Zhu and his colleagues focused on Discord play-by-post (PBP) gaming for several reasons. First, "Discord-based PBP is text-based already, so we don't have to spend time transcribing speech into text for a LLM," he explained.
The online setup also allows the DM to view LLM-generated output privately (where "low-fidelity ideas" matter less) and it frees the DM from having to type or dictate into some interface.
CALYPSO, a Discord bot with source code, is described in the paper as having three interfaces: one for generating the setup text describing an encounter (GPT-3); one for focused brainstorming, in which the DM can ask the LLM for questions about an encounter or refining an encounter summary (ChatGPT); and one for open-domain chat, in which players can engage directly with ChatGPT acting as a fantasy creature knowledgeable about D&D.
Setting up these interfaces involved seeding the LLM with specific prompts (detailed in the paper) that explain how the chatbot should respond in each interface role.

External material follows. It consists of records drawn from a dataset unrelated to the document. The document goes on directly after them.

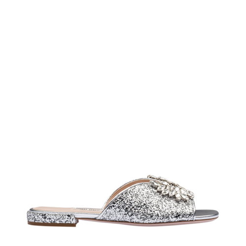MiuMiu/缪缪 银色 女士仿水晶装饰通体亮片平底穆勒鞋 5XX416_3C8V_F0118_F_D01
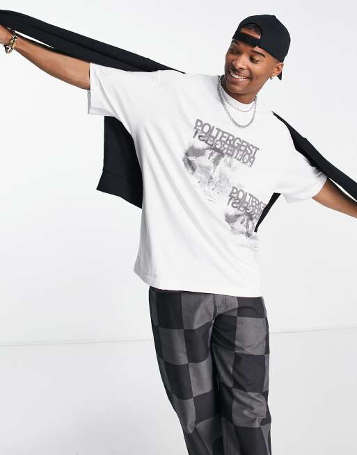 Camiseta blanca extragrande con estampado "Poltergeist" de Jaded London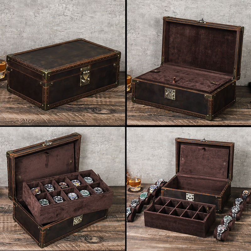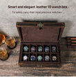 Luxuriöse handgefertigte 10-teilige Uhrenbox - Echtes Crazy Horse Leder Holz-Displaygehäuse mit abnehmbaren Kissen, metallverstärkten Kanten & Schlossverschluss für Reiseaufbewahrung und Sammlung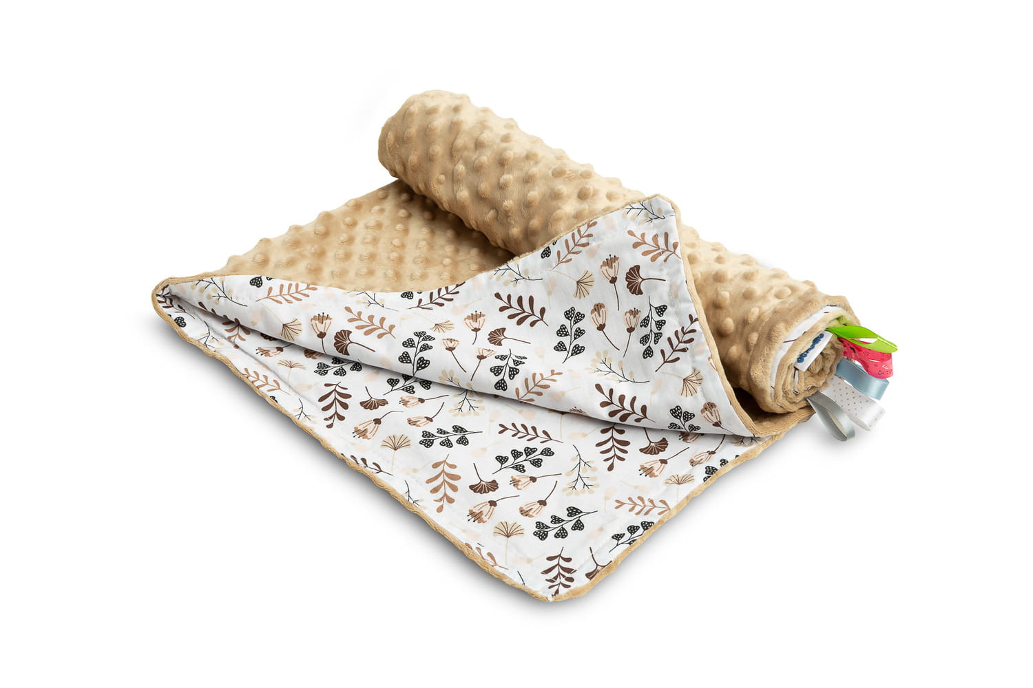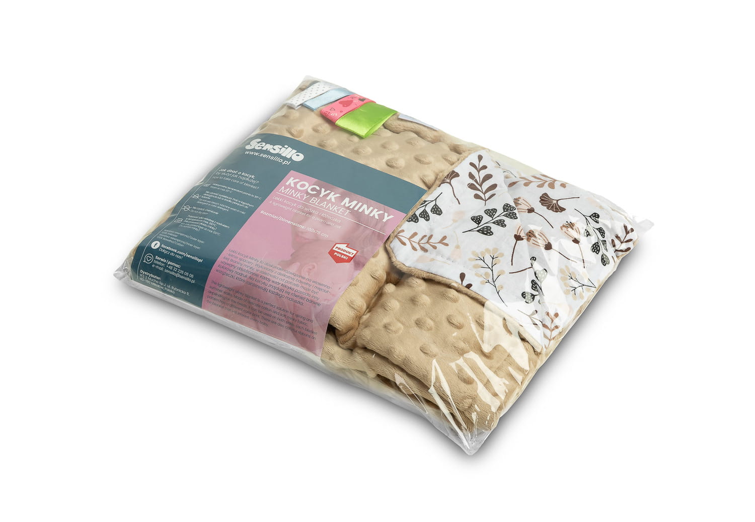 Lekki kocyk Minky wykonany z delikatnej bawełny i mięciutkiej tkaniny minky, w zależności od potrzeb może być używany obustronnie.

No specific model training was required to incorporate how D&D works.
"We found that even without training, the GPT series of models knows a lot about D&D from having seen source books and internet discussions in its training data," said Zhu.
We found that even without training, the GPT series of models knows a lot about D&D from having seen source books and internet discussions
Zhu and his colleagues tested CALYPSO with 71 players and DMs, then surveyed them about the experience. They found the AI helper useful more often than not.
But there was room for improvement. For example, in one encounter, CALYPSO simply paraphrased information in the setting and statistics prompt, which DMs felt didn't add value.
The Register asked Zhu about whether the tendency of LLMs to "hallucinate" – make things up – was an issue for study participants.
"In a creative context, it becomes a little less meaningful – for example, the D&D reference books don't contain every detail about every monster, so if an LLM asserts that a certain monster has certain colored fur, does that count as a hallucination?" said Zhu.
"To answer the question directly, yes; the model often 'makes up' facts about monsters that aren't in the source books. Most of these are trivial things that actually help the DM, like how a monster's call sounds or the shape of a monster's iris or things like that. Sometimes, less often, it hallucinates more drastic facts, like saying frost salamanders have wings (they don't)."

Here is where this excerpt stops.